**Provided data**
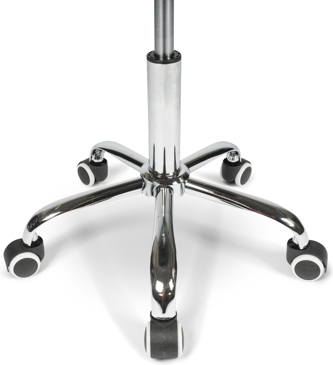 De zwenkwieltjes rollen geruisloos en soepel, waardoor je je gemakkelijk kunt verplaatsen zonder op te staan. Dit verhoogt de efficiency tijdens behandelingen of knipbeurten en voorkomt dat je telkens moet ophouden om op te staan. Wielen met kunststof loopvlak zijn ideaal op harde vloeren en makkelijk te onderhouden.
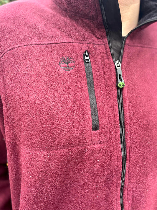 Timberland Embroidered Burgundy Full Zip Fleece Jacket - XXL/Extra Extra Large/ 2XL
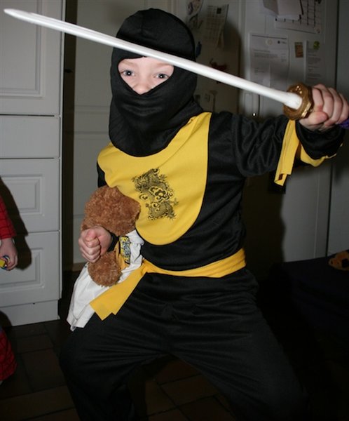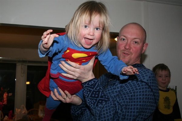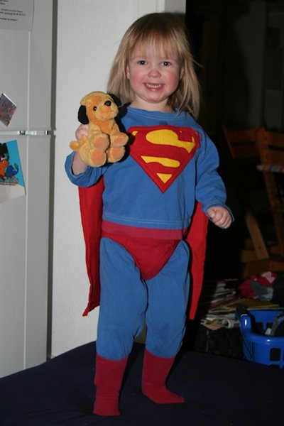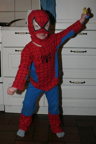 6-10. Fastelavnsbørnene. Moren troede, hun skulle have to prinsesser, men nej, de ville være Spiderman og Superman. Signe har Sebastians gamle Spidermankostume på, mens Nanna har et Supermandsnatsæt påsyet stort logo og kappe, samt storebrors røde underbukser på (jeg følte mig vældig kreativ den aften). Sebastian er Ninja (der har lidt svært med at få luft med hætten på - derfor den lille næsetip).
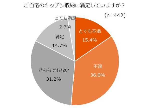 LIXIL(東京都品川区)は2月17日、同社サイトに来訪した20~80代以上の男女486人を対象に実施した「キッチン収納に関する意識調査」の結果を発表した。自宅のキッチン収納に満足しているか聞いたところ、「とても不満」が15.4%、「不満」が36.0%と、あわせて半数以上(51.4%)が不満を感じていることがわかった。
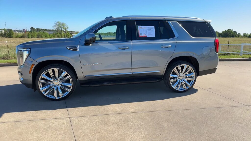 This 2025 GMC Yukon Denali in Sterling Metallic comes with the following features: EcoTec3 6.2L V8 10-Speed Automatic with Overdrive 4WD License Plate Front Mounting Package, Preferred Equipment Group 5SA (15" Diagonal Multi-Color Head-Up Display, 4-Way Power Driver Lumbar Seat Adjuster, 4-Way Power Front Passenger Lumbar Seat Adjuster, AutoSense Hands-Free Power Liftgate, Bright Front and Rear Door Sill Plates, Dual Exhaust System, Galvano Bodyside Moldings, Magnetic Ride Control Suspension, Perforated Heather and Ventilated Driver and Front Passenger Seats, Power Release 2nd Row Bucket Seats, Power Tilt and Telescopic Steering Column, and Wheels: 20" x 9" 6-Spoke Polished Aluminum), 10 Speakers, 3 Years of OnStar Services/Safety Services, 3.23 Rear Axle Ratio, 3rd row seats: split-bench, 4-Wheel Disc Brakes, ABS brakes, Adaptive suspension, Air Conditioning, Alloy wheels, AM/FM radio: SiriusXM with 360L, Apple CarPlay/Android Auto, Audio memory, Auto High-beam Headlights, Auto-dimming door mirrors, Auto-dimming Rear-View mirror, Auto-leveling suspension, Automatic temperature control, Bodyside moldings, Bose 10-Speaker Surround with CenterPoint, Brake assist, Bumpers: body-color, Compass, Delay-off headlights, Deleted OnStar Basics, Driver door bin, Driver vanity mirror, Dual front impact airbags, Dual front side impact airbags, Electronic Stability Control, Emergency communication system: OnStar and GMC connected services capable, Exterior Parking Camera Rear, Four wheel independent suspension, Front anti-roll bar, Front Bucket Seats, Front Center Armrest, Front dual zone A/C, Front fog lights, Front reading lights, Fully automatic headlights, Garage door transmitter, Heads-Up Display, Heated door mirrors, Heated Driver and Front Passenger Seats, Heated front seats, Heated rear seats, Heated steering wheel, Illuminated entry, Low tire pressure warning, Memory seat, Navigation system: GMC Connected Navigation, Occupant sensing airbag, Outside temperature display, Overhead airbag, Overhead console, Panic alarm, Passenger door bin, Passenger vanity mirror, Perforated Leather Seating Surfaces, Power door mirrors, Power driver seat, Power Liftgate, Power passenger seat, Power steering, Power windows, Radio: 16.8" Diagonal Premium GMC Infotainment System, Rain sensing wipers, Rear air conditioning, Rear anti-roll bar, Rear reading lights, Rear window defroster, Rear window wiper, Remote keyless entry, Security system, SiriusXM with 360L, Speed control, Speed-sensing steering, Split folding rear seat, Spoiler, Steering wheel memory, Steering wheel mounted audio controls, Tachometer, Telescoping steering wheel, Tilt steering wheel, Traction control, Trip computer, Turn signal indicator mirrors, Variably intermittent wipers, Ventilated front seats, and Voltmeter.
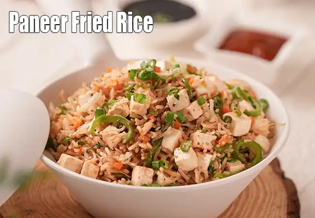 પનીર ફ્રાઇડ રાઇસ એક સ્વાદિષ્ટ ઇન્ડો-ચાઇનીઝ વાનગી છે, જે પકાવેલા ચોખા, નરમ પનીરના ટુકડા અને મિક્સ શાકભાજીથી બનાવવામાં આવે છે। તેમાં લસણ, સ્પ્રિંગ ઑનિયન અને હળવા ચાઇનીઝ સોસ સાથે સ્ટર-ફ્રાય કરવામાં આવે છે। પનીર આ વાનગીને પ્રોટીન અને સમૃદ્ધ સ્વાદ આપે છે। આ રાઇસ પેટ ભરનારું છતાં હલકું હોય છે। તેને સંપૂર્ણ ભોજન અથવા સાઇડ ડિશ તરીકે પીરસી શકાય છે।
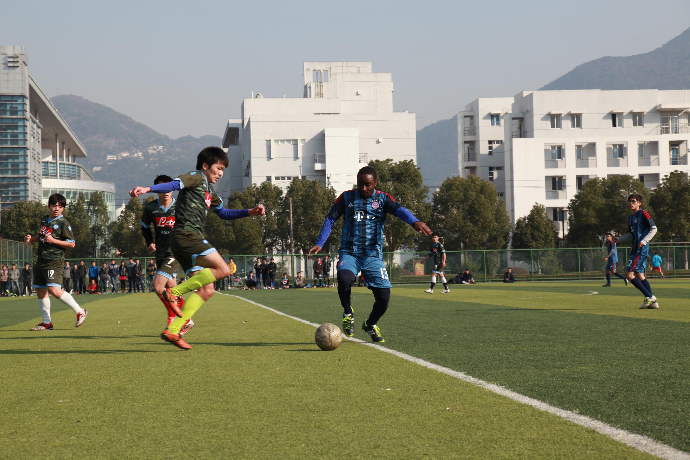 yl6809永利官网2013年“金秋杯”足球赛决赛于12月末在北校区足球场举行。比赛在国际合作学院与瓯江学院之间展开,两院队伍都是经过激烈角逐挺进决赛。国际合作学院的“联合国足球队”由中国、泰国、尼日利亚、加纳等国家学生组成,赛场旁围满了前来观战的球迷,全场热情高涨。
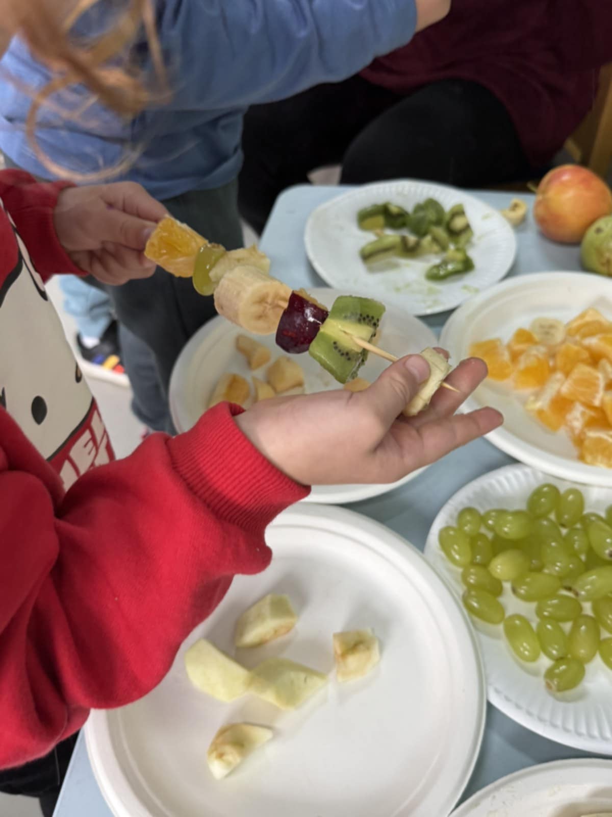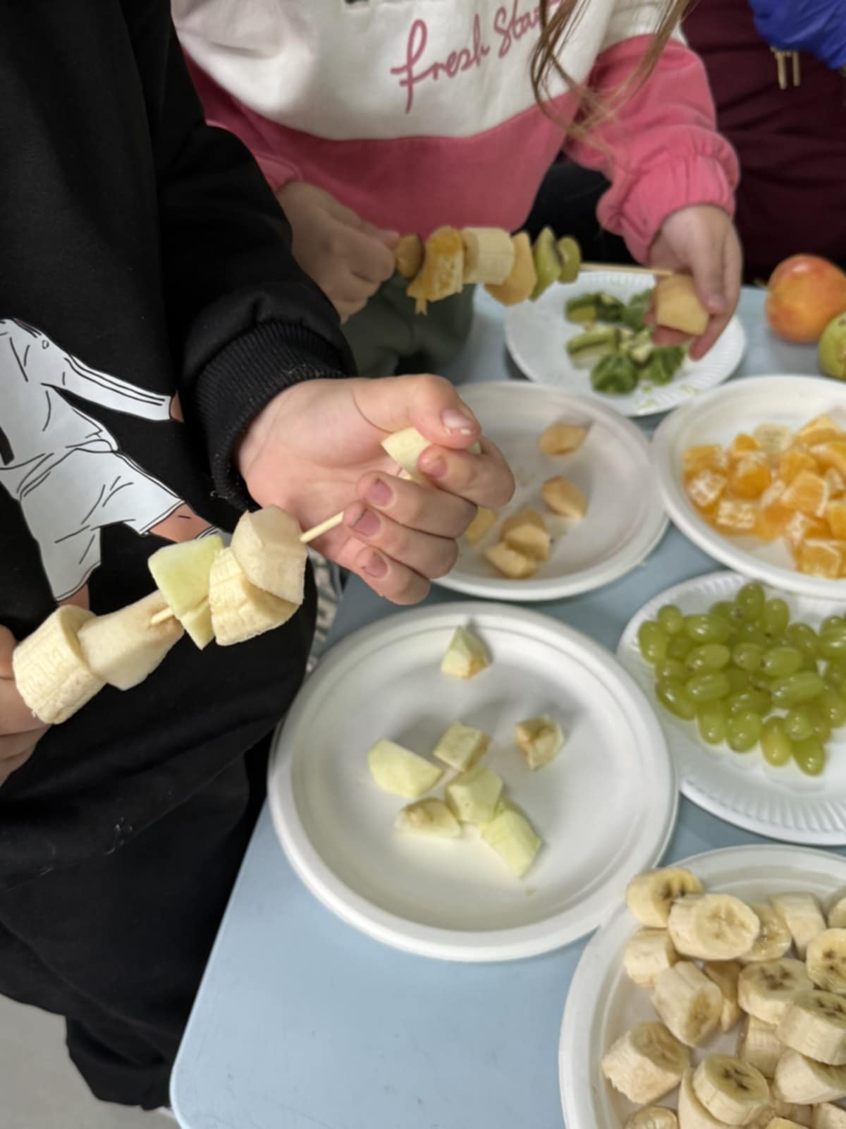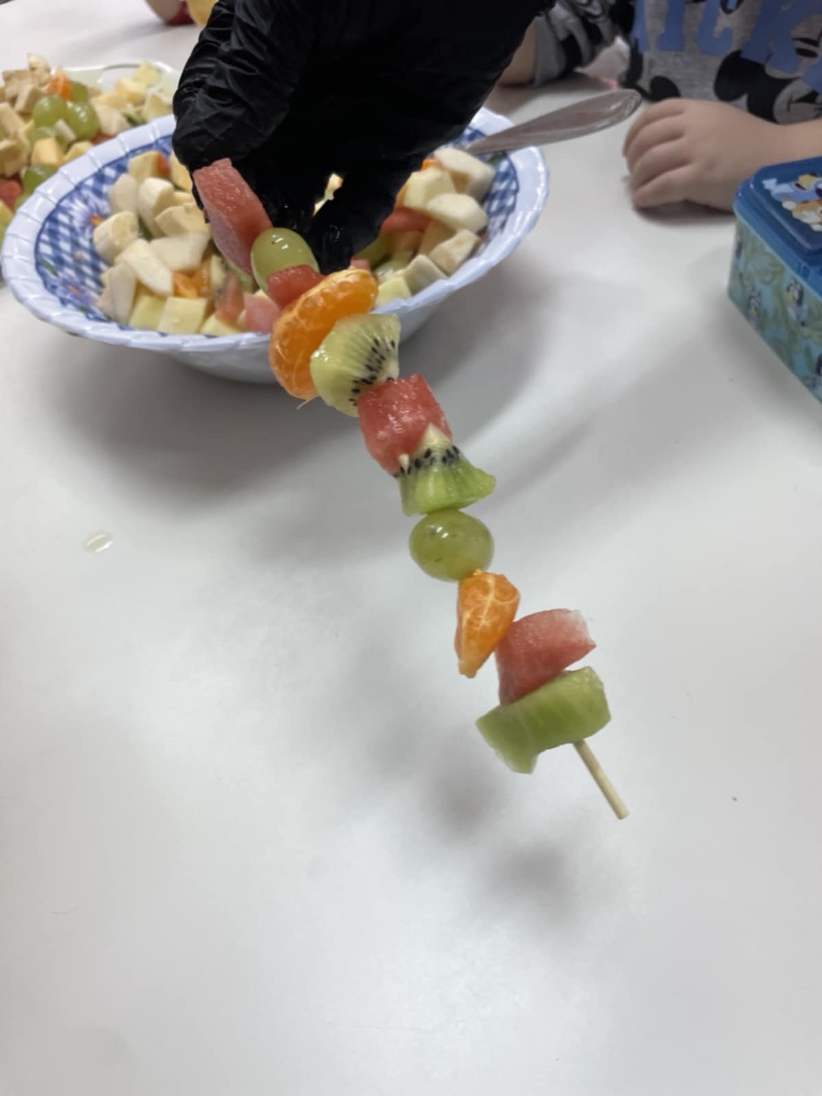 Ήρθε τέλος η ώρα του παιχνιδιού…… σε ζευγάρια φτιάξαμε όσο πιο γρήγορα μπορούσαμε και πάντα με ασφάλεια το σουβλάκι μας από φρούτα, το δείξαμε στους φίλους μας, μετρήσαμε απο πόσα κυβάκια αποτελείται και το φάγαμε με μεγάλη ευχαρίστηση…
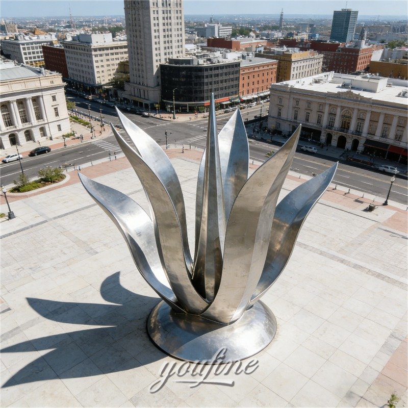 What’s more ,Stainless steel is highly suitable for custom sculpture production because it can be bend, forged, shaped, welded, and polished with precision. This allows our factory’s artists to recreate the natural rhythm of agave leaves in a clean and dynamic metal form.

**Instructions to follow**
Begin with the line that contains "પનીર ફ્રાઇડ રાઇસ" and copy every line through the end of the listing, exactly as written, both ends included. Pictures are not part of the copy.

**Written response**
 પનીર ફ્રાઇડ રાઇસ એક સ્વાદિષ્ટ ઇન્ડો-ચાઇનીઝ વાનગી છે, જે પકાવેલા ચોખા, નરમ પનીરના ટુકડા અને મિક્સ શાકભાજીથી બનાવવામાં આવે છે। તેમાં લસણ, સ્પ્રિંગ ઑનિયન અને હળવા ચાઇનીઝ સોસ સાથે સ્ટર-ફ્રાય કરવામાં આવે છે। પનીર આ વાનગીને પ્રોટીન અને સમૃદ્ધ સ્વાદ આપે છે। આ રાઇસ પેટ ભરનારું છતાં હલકું હોય છે। તેને સંપૂર્ણ ભોજન અથવા સાઇડ ડિશ તરીકે પીરસી શકાય છે।
 yl6809永利官网2013年“金秋杯”足球赛决赛于12月末在北校区足球场举行。比赛在国际合作学院与瓯江学院之间展开,两院队伍都是经过激烈角逐挺进决赛。国际合作学院的“联合国足球队”由中国、泰国、尼日利亚、加纳等国家学生组成,赛场旁围满了前来观战的球迷,全场热情高涨。
 Ήρθε τέλος η ώρα του παιχνιδιού…… σε ζευγάρια φτιάξαμε όσο πιο γρήγορα μπορούσαμε και πάντα με ασφάλεια το σουβλάκι μας από φρούτα, το δείξαμε στους φίλους μας, μετρήσαμε απο πόσα κυβάκια αποτελείται και το φάγαμε με μεγάλη ευχαρίστηση…
 What’s more ,Stainless steel is highly suitable for custom sculpture production because it can be bend, forged, shaped, welded, and polished with precision. This allows our factory’s artists to recreate the natural rhythm of agave leaves in a clean and dynamic metal form.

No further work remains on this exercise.